Setting pictures aside, output exactly the lines from the start of the records to the line with "Nová prostorná kuchyně", that line included.

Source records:
* * *

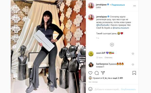 Дополнила ее образ стильная белая сумочка, напоминающая клавиши пианино. Дополняет образ певицы ее стильная стрижка с челкой. На снимках Джамала улыбается и выглядит очень счастливой. «Сначала крутая репетиция шоу, о котором я еще не могу рассказать, потом новая сумка и много украшений. Такой сегодня день», - подписала фото певица. Ее поклонники тут же отреагировали на пост. «Как вы похудели!», «Вы очаровательны! Но какая то сумасшедше нереально красивая студия! Что это?», «Светитесь изнутри», «А чё это ты такая худая?», - пишут люди. Ранее мы писали, что Джамала выложила на своей странице серию фото, сделанных в перерыве между работой. Она предстала в свободной черной кофте и экстравагантных сережках, напоминающих бельевые прищепки. Исполнительница также сделала себе вызывающий макияж с блестящими тенями на веках и роскошную прическу с завитыми волосами. Напомним, сверкающая Джамала пошалила с подругой-красоткой, кадры закулисья облетели сеть: "Соскучилась...". Как сообщала Politeka, Джамала в бесформенной одежде заявила о неожиданном результате своей диеты: "Вишенка на торте!". Также Politeka писала, что игривая Джамала показала, что скрывает за широкой одеждой: "Мечтай".
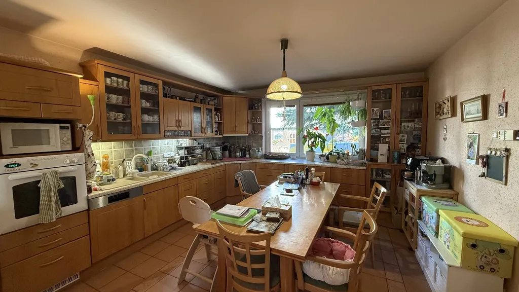 Nová prostorná kuchyně z masivu, má kromě všech běžných elekrospotřebičů, sklokeramické varné desky, myčky nádobí, digestoře, horkovzdušné a mikrovlnné trouby, i drtič na biodpad. V obývacím pokoji je pak k dispozici i velký krb.
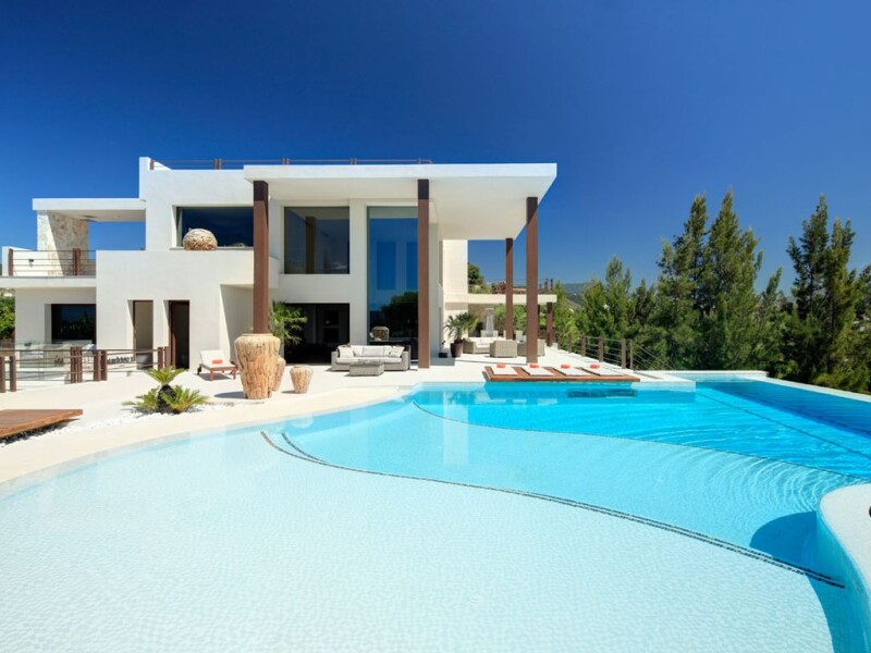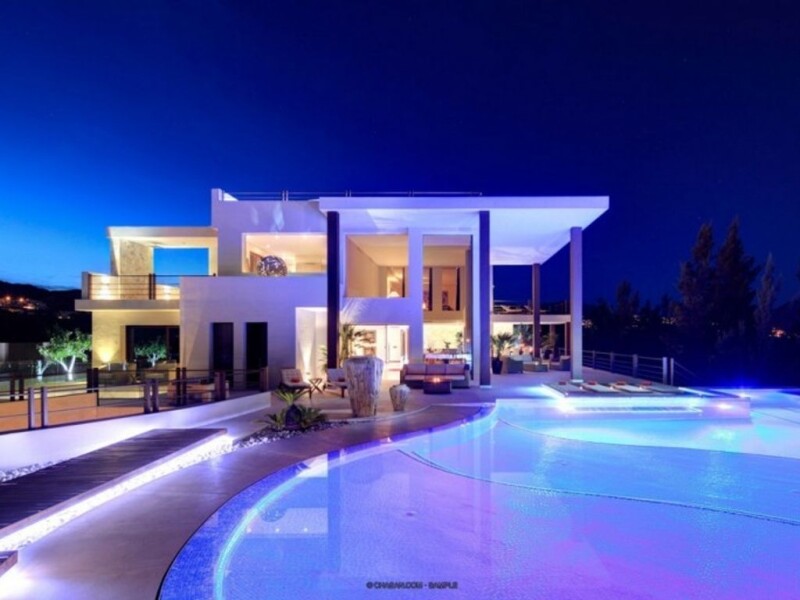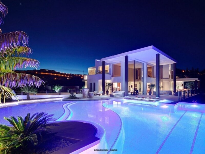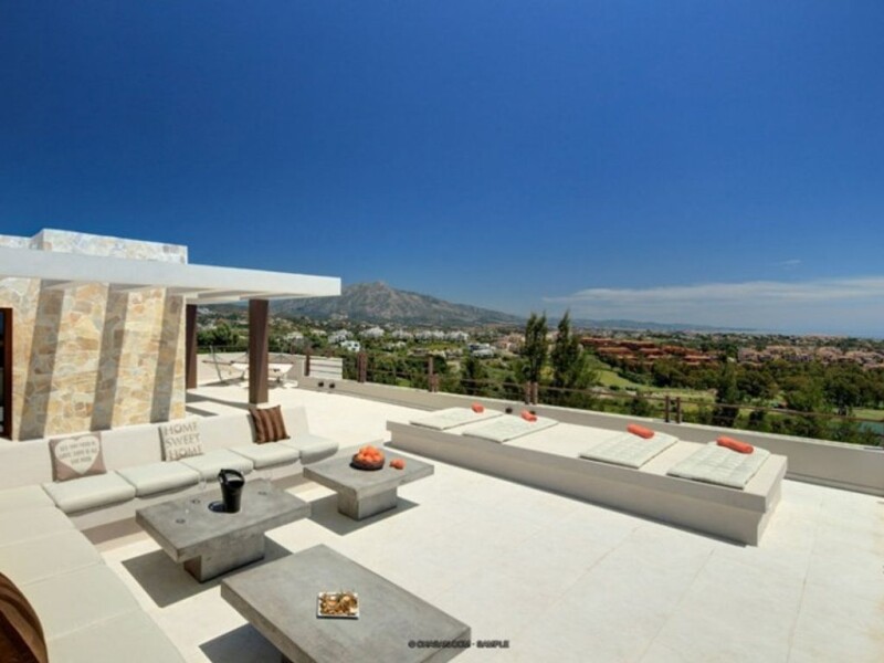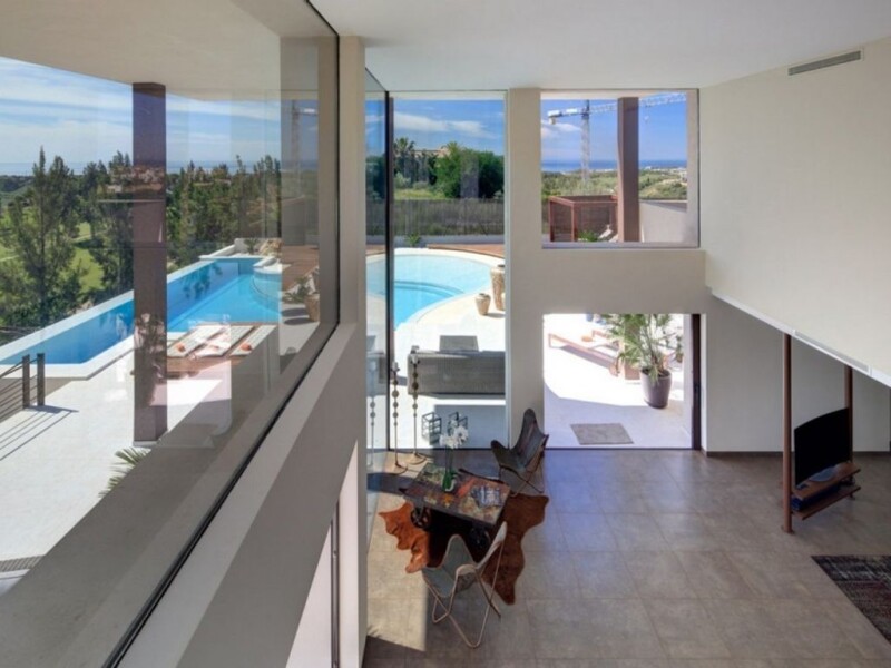 This is a brand new 1.000 m2 designer villa in a frontline golf location with fantastic 360 degree views, built within La Alqueria urbanisation in the stunning hills of Benahavis. Superbly located close to Puerto Banus and San Pedro. A Unique designed villa from the desk of Marbella Architects. Light and bright property with sunny terraces and private gazebo. Watch from your favorite position the fabulous sunrise, Gibraltar, North Africa`s coast line, the mountain, golf course or just the Mediterranean from the SKY Terrace with direct elevator access. Built over three levels with a private roof terrace and glass lift which takes you wherever you want. Many options to enjoy the sun and the sea just outside your windows. A large heated swimming pool with lagoon effect and built in length pool with LED lighting for that extra party feel!! A beautiful and extremely spacious open plan kitchen, dining and living area. Every room has direct access to terraces with 360 degree views. The spacious 140 m2 master bedroom is east facing with views to the mountains, sea and golf, and has a south facing en suite bathroom with walk through shower, dressing area and a terrace with outdoor shower and Jacuzzi. Above this level, the roof terrace offers a space to dine, relax and another outdoor shower. In the lower level, with direct outdoor access (which is not a basement) you can enjoy a 5 star fully equipped “Life-Fitness” gym suitable for working out or for yoga/pilates or just enjoy a drink in the bodega. Garage for 3-4 cars. A truly superb designer party house with amazing views to match!.
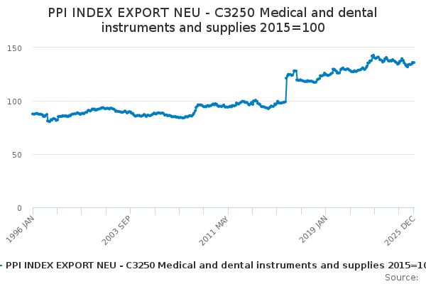 Download this time seriesPPI INDEX EXPORT NEU - C3250 Medical and dental instruments and supplies 2015=100
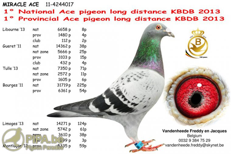 ▲B11-4244017 奇蹟鴿王 13-KBDB長距離鴿王全國冠軍
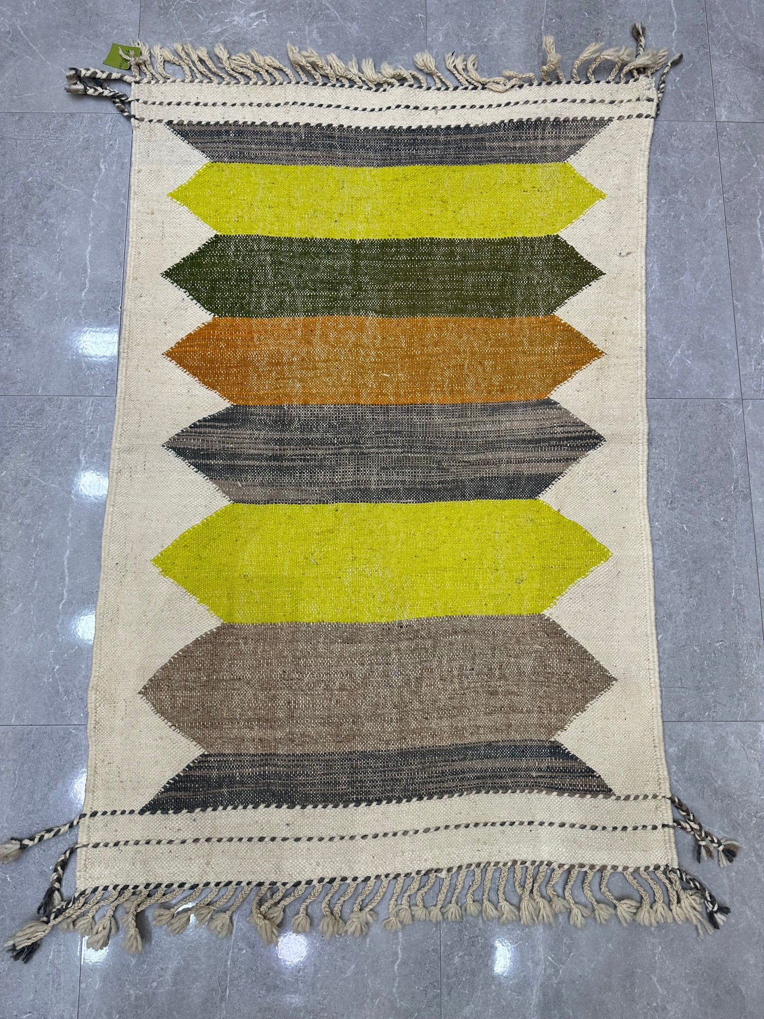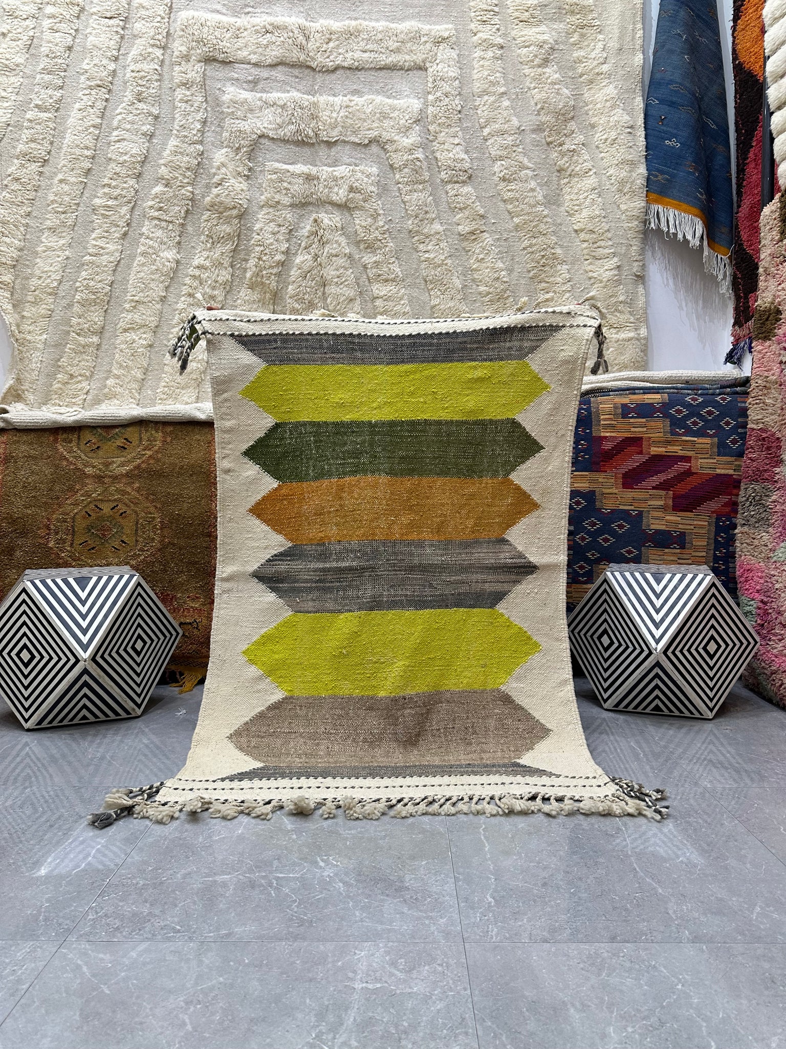 Modern killim   rug, hand knotted by talented Berber dexterous weavers and professionally washed in boujaad  City. 100% premium wool and all natural organic ingredients are used to ensure pliability, a plush feel and exceptionally soft texture of these beautiful rugs.
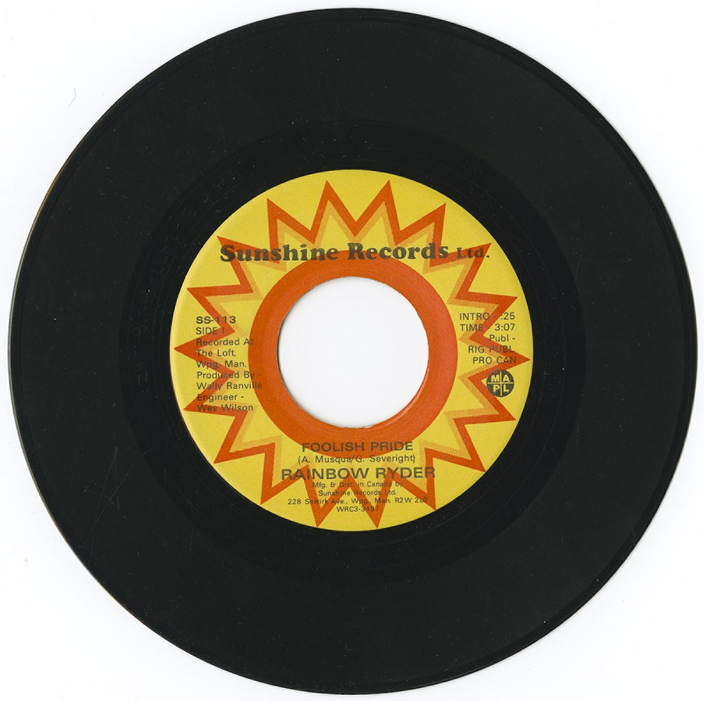Rainbow Ryder - Foolish Pride b/w Heard it in a Love Song
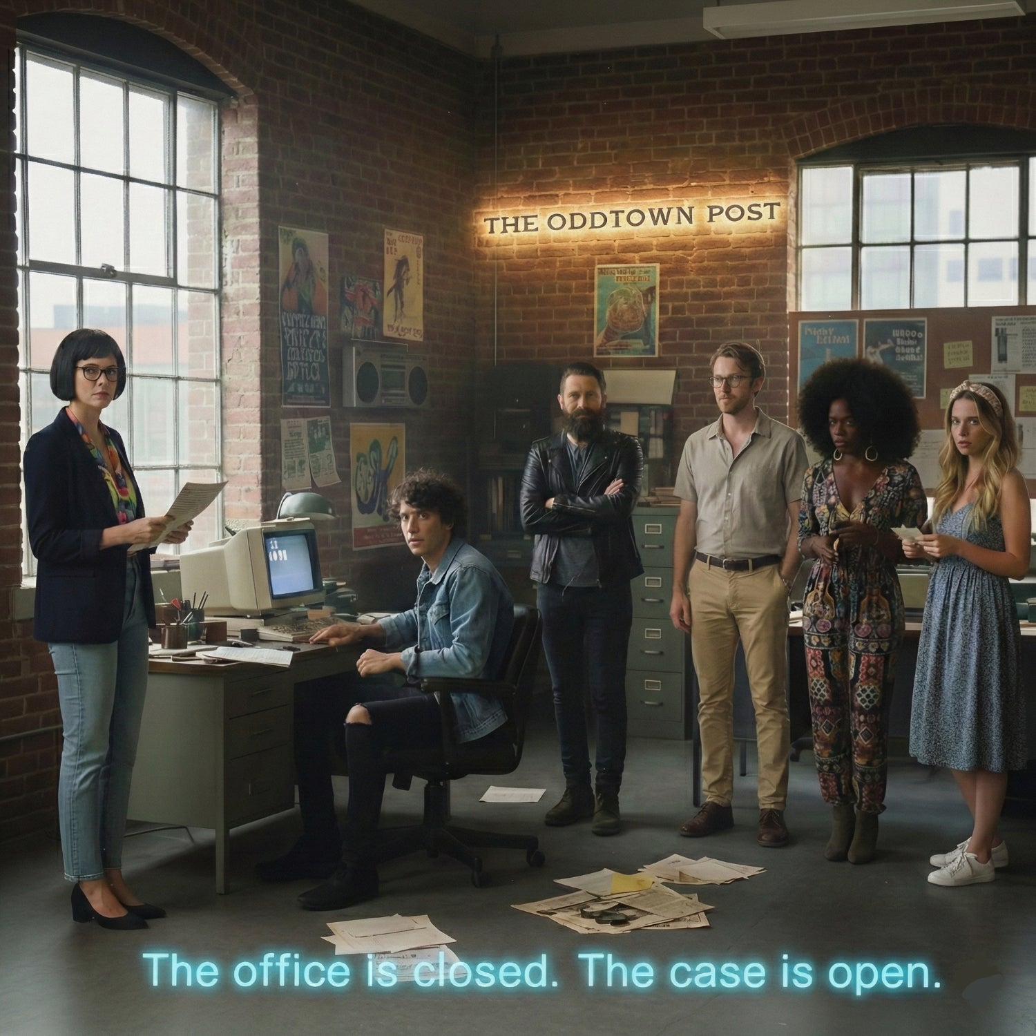 Grappling with political unrest during the 1985 mayoral election, the city of Oddtown is thrown into further chaos when the Editor-in-Chief of the local newspaper, The Oddtown Post, is found murdered in his office. The only other people on the premises were six of his coworkers. They all seem to be hiding something and may even have motive to kill the victim. The Sheriff has reached out for your help with the investigation and is sending over clues.

* * *

### Reply
 Дополнила ее образ стильная белая сумочка, напоминающая клавиши пианино. Дополняет образ певицы ее стильная стрижка с челкой. На снимках Джамала улыбается и выглядит очень счастливой. «Сначала крутая репетиция шоу, о котором я еще не могу рассказать, потом новая сумка и много украшений. Такой сегодня день», - подписала фото певица. Ее поклонники тут же отреагировали на пост. «Как вы похудели!», «Вы очаровательны! Но какая то сумасшедше нереально красивая студия! Что это?», «Светитесь изнутри», «А чё это ты такая худая?», - пишут люди. Ранее мы писали, что Джамала выложила на своей странице серию фото, сделанных в перерыве между работой. Она предстала в свободной черной кофте и экстравагантных сережках, напоминающих бельевые прищепки. Исполнительница также сделала себе вызывающий макияж с блестящими тенями на веках и роскошную прическу с завитыми волосами. Напомним, сверкающая Джамала пошалила с подругой-красоткой, кадры закулисья облетели сеть: "Соскучилась...". Как сообщала Politeka, Джамала в бесформенной одежде заявила о неожиданном результате своей диеты: "Вишенка на торте!". Также Politeka писала, что игривая Джамала показала, что скрывает за широкой одеждой: "Мечтай".
 Nová prostorná kuchyně z masivu, má kromě všech běžných elekrospotřebičů, sklokeramické varné desky, myčky nádobí, digestoře, horkovzdušné a mikrovlnné trouby, i drtič na biodpad. V obývacím pokoji je pak k dispozici i velký krb.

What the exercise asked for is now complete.